The second recent book summarizes 50 studies of prenatal ultrasound in China, describing “alteration and injuries in the organs, tissues [and] cellular ultrastructures” and “damage to the cytokine signaling in molecules, red blood cells, neurons and mitochondria.” The author notes that the physics of ultrasound are “dramatic”; for example, industry uses ultrasound “to disintegrate and blend materials, and to weld steel.” Airing the concept of “toxic synergy,” the book also suggests that “ultrasound is an effective synergist…theoretically capable of initiating fetal vulnerabilities to subsequent toxic exposure”; thus, “the risk of subsequent exposure to vaccines, birth drugs, antibiotics and other environmental stressors would be raised by prenatal ultrasound, not in addition, but as a multiplier” [emphasis added].
… these children have a greater risk of radiation-induced genetic and/or brain damage that can lead to autism and other neurodevelopmental disorders.
Author note: Again, this is a quote directly from my article yet they did not give me credit.
Ultrasound and autism
Many researchers have noted that the safety of ultrasound devices depends, among other factors, on the amount of “output energy…to which the fetus is exposed.” In the late 1980s, the ultrasound industry approached the FDA with a request to augment existing output levels “to enhance diagnostic capability,” and in 1991, the agency acquiesced to an eightfold increase in allowable output exposure levels.
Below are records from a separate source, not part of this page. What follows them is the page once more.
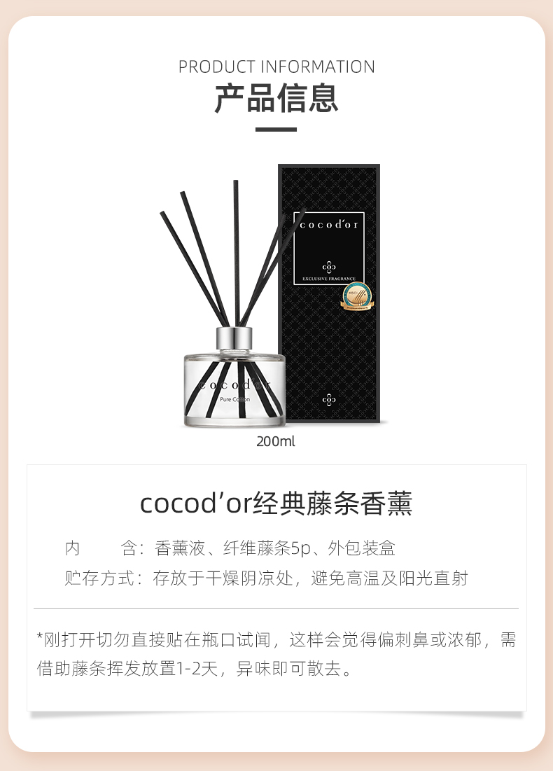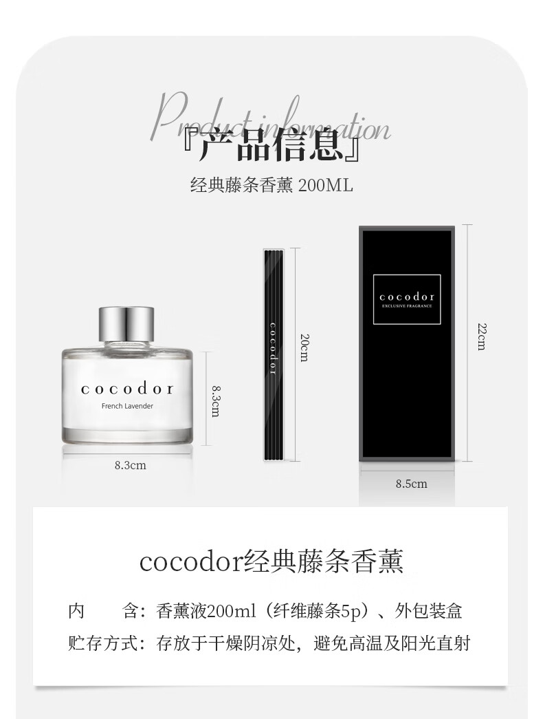 COCODOR 经典无火藤条香薰200ml 白茉莉/黑樱桃/薰衣草/小苍兰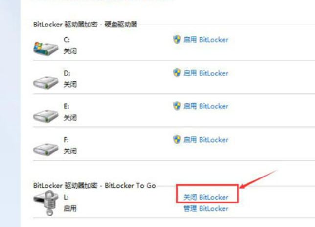 4、解鎖后,在剛剛的窗口中點擊“關閉bitlocker”。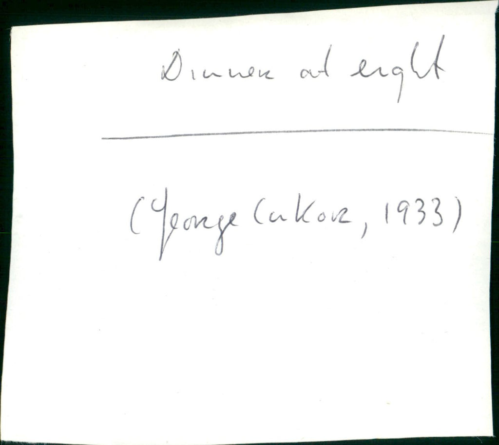 ENG: Dinner at Eight is a 1933 American pre-Code comedy-drama film directed by George Cukor DUTCH: Dinner at Eight is een Amerikaanse pre-Code comedy-dramafilm uit 1933 onder regie van George Cukor. ENG: Dinner at Eight is a 1933 American pre-Code comedy-drama film directed by George Cukor DUTCH: Dinner at Eight is een Amerikaanse pre-Code comedy-dramafilm uit 1933 onder regie van George Cukor.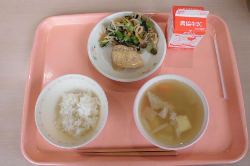 ごはん 鶏肉のみそマヨ焼き しめじ和え さつま汁 牛乳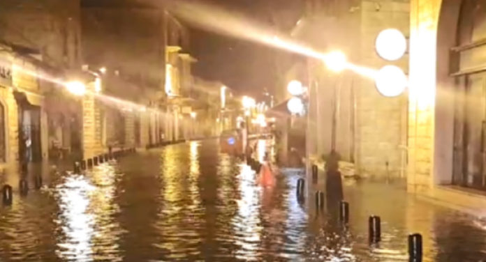 وليل أمس، ادت غزارة المياة المتساقطة في محافظة كسروان الى اغراق اسواق منطقة جونية بالمياه.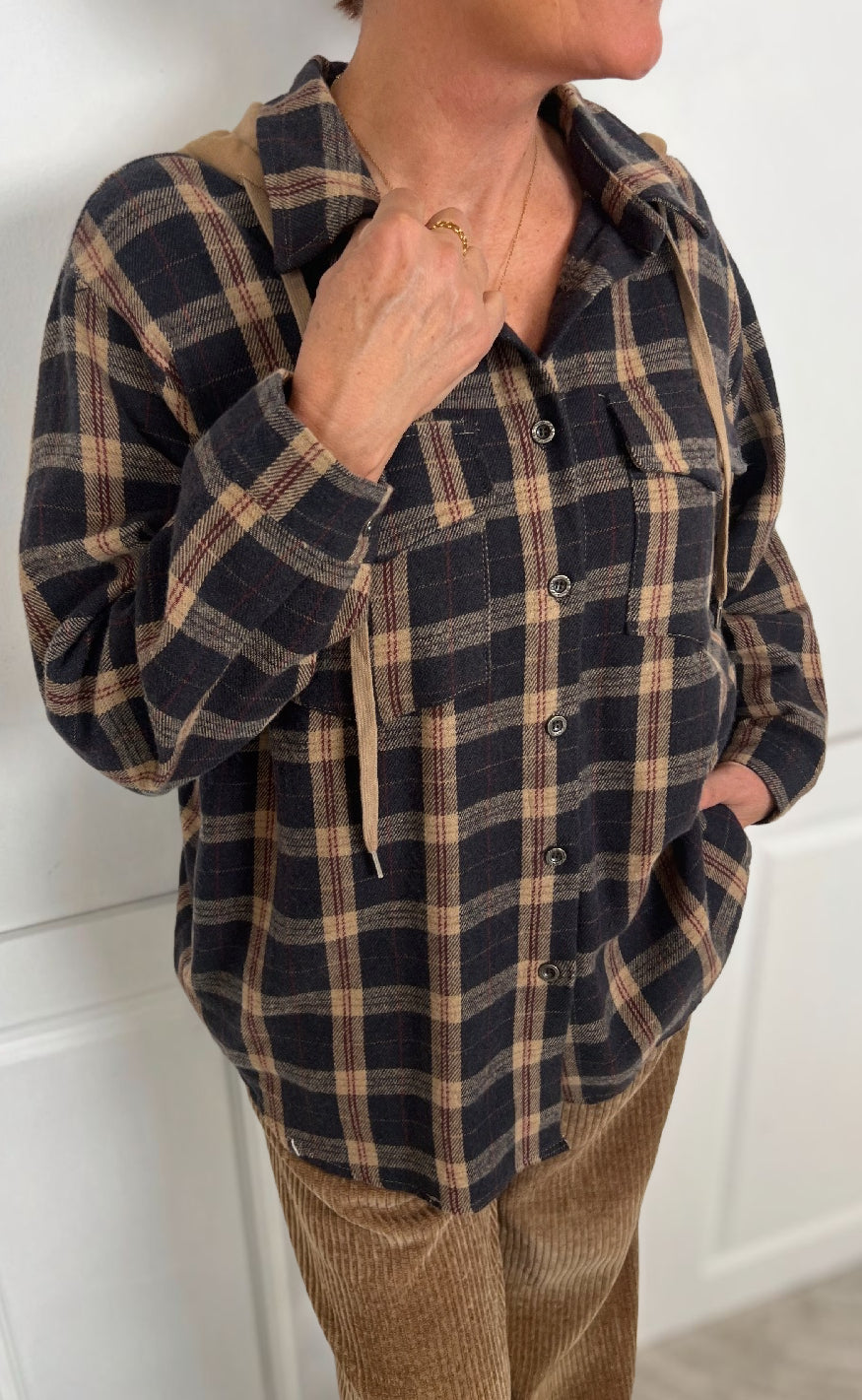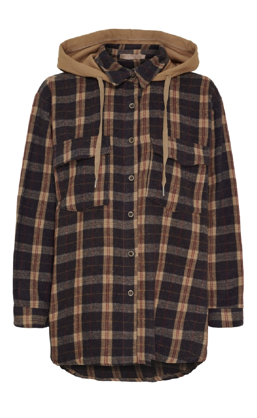 Ternet skjorte fra Marta Du Chateau i mørkeblå og beige nuancer. Skjorten har lange ærmer, knaplukning foran og to brystlommer med klap.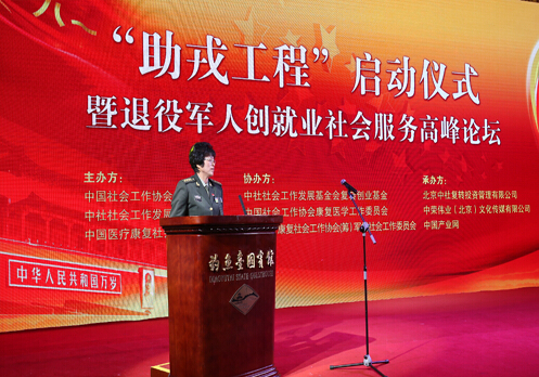 “助戎工程”启动仪式暨退役军人创就业高峰论坛上,韩瑞芬以“助戎工程”形象大使的身份,代表“助戎工程”建设组织机构和退役军人创就业服务联盟,宣读了“退役军人创就业服务联盟倡议书”。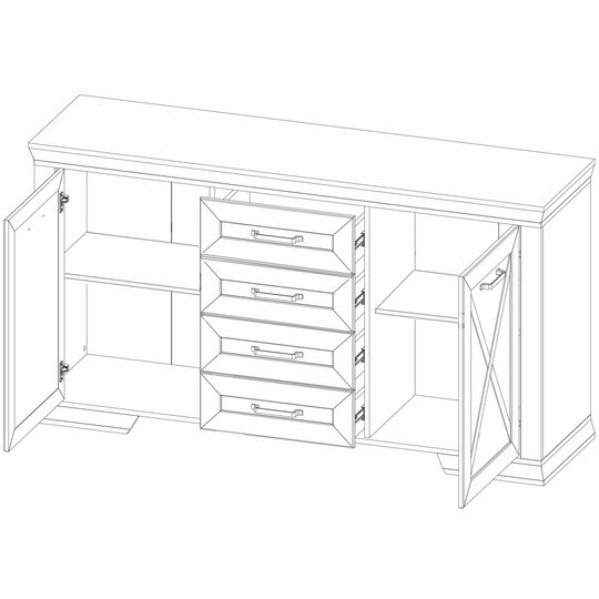 Особенности комода. Компактный, но вместительный: два отделения с распашными дверцами и четыре выдвижных ящика. За каждой дверцей – отделение, поделенное прочной полкой. Качественная и износостойкая фурнитура гарантируют надежность конструкции.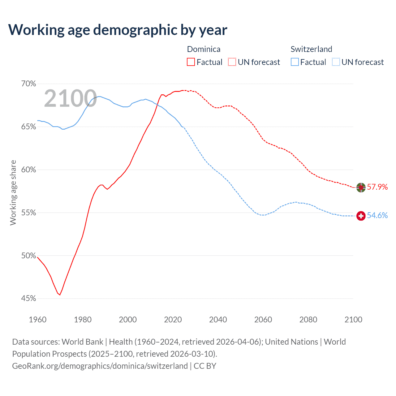 - Dominica has 45.3K working age adults (aged 15-64) vs 5.92M in Switzerland.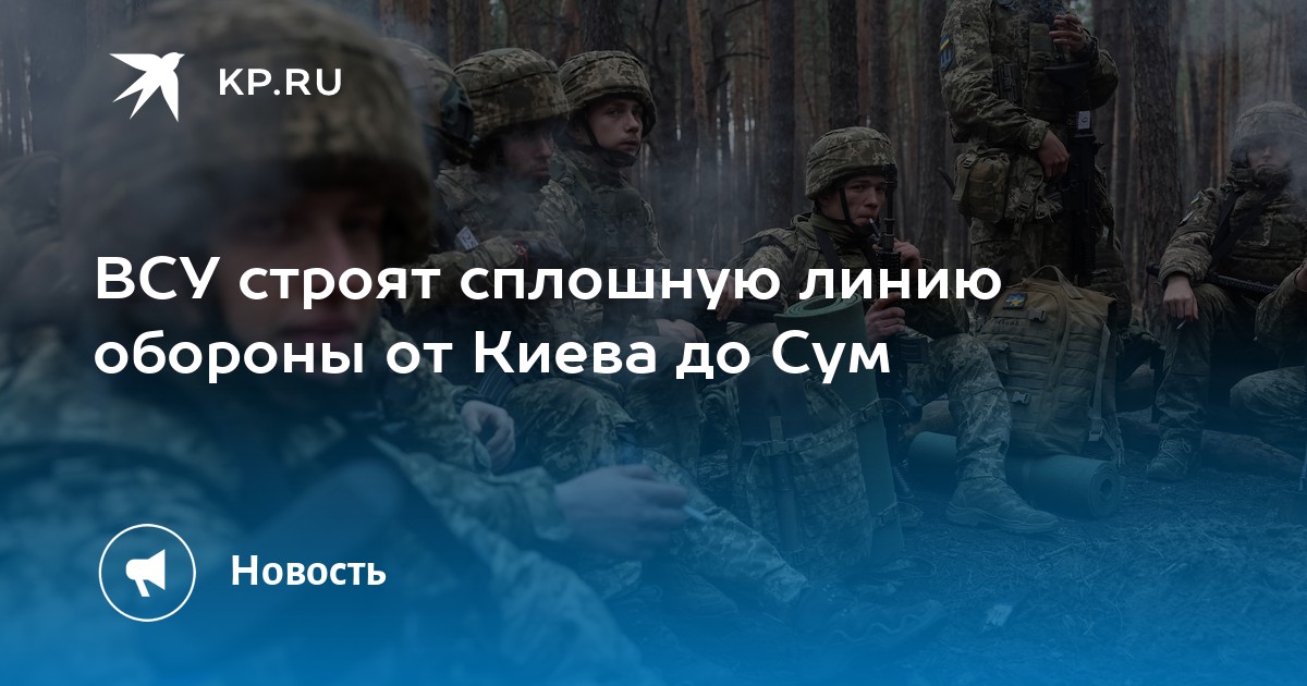 Вооруженные силы Украины строят сплошную линию обороны от Киевского водохранилища до Сум. Об этом со ссылкой на начальника инженерных войск Командования сил поддержки ВСУ Василия Сиротенко сообщает украинское издание «Страна».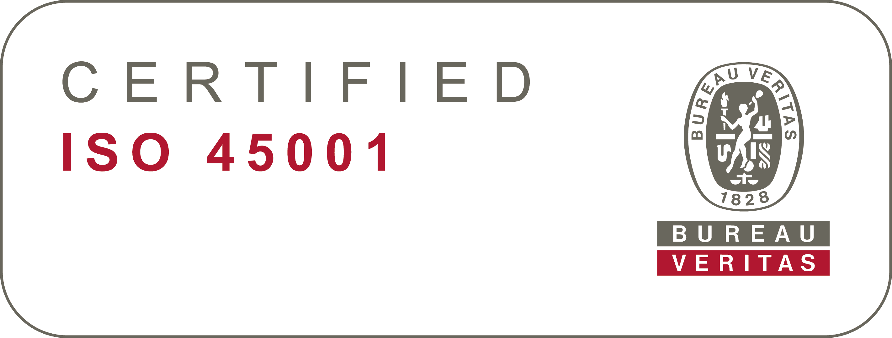 We are certified by Bureau Veritas in standards ISO 9001, ISO 14001 and ISO 45001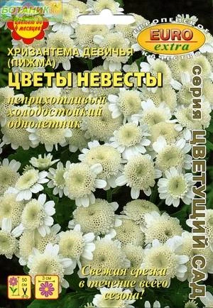 Однолетник. Высота 50 см. Куст компактный, сильноветвистый. Листья перисто-рассеченные или глубоко разрезанные, мягко опушенные, светло-желто-зеленые. Соцветия корзинки диаметром 3 см, махровые, собраны в верхушечные соцветия. Многочисленные цветки Хризантемы Цветы невесты девичья от Аэлита белоснежного цвета, порадуют Вас своим обильным и продолжительным цветением с июня по сентябрь. Растения красиво смотрятся в групповых посадках, в цветниках и на газонах, очень хороши в бордюрах, уличных вазонах, балконных ящиках. Срезанные соцветия незаменимы в букетах и долго сохраняют свежесть. Также хризантему «Цветы невесты» можно выращивать в комнатных условиях. Предпочитает солнечные или полутенистые участки с богатой, гумусно-песчаной, известкованной, увлажненной и хорошо дренированной почвой. Переносит кратковременные заморозки.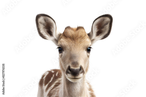 Cute young deer looking at camera. Head close-up portrait of deer. White Isolated background. Generative AI

When, 20 years later, FDA researchers compared ultrasound trends before and after the 1991 regulatory change—focusing in particular on the potential for “tissue heating”—they reported “a substantial increase in ultrasonic power over time” and cautiously concluded that their temperature rise estimates “could be considered potentially harmful.” Stated more directly by other authors:
This FDA action ensured that babies born after 1991 would be exposed to even more radiation as compared to those born in the 1970s and 80s, hence these children have a greater risk of radiation-induced genetic and/or brain damage that can lead to autism and other neurodevelopmental disorders.